Here’s what you actually have on your hands: a 401k that has risen from $200k to $450k over the last three years. Also awesome, also unsustainable.
If you think you’re the one genius who can nail market tops perfectly and you’re now certain that the market will soon regain its recent highs, re-read my last sentence and get your head on straight.
That said, at this moment I do have to admit that I don’t know if this is the start of the big correction. On the one hand, a few too many people for my taste are looking for that crash.

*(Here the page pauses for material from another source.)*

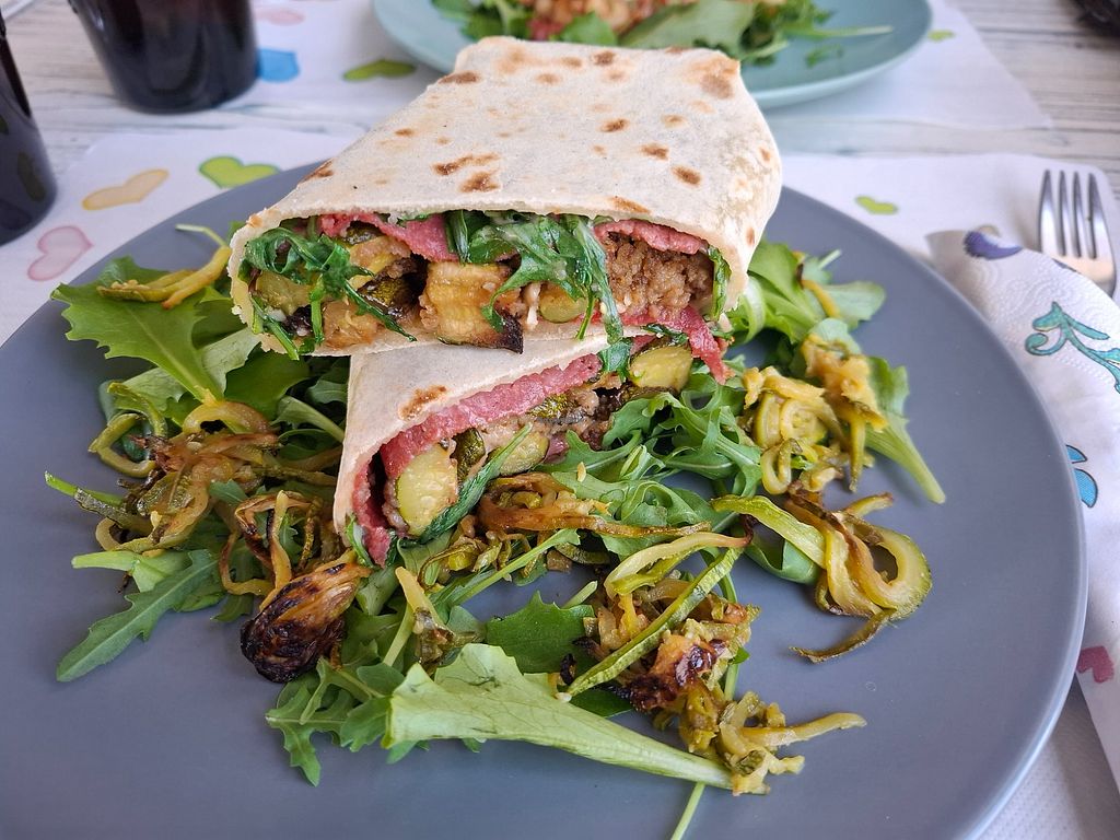 Piadina con zucchine saltate in padella, rucola, salame veg e formaggi…

On the other, how insanely optimistic did the market have to be that only now it is noticing the slow-moving Evergrande disaster in China that has been known for a year and plainly visible for nearly a month?
Regardless, the point is this: if this is the start of the big correction – or even a true bear market – then this is only the beginning.
We’re at such stratospheric valuation heights – the highest in history, generally – that the next big correction will take stocks down 30, 40 or even 50%.
So yes, it’s still okay to be raising at least some cash today. Even today.
Tighten up stop losses. Raise cash right now from zero to 5% if your end goal is 20%. Redirect future 401k deposits to the money market fund rather than the high-growth stock funds you’ve been riding.
In short: take action. Don’t be paralyzed and again keep in mind this simple reality: in powerful down markets, nothing gets spared. The only place to hide is in cash.
This post has me re-awakened. More soon…
FDG
*Historically, there has been one other place to hide in down markets: high grade, U.S. bonds. That will likely still turn out to be the case – indeed, bonds are rallying today – but what’s the point? The rates offered by today’s bonds are so meaningless as to be roughly equivalent with cash so my preference at this moment in time is for cash.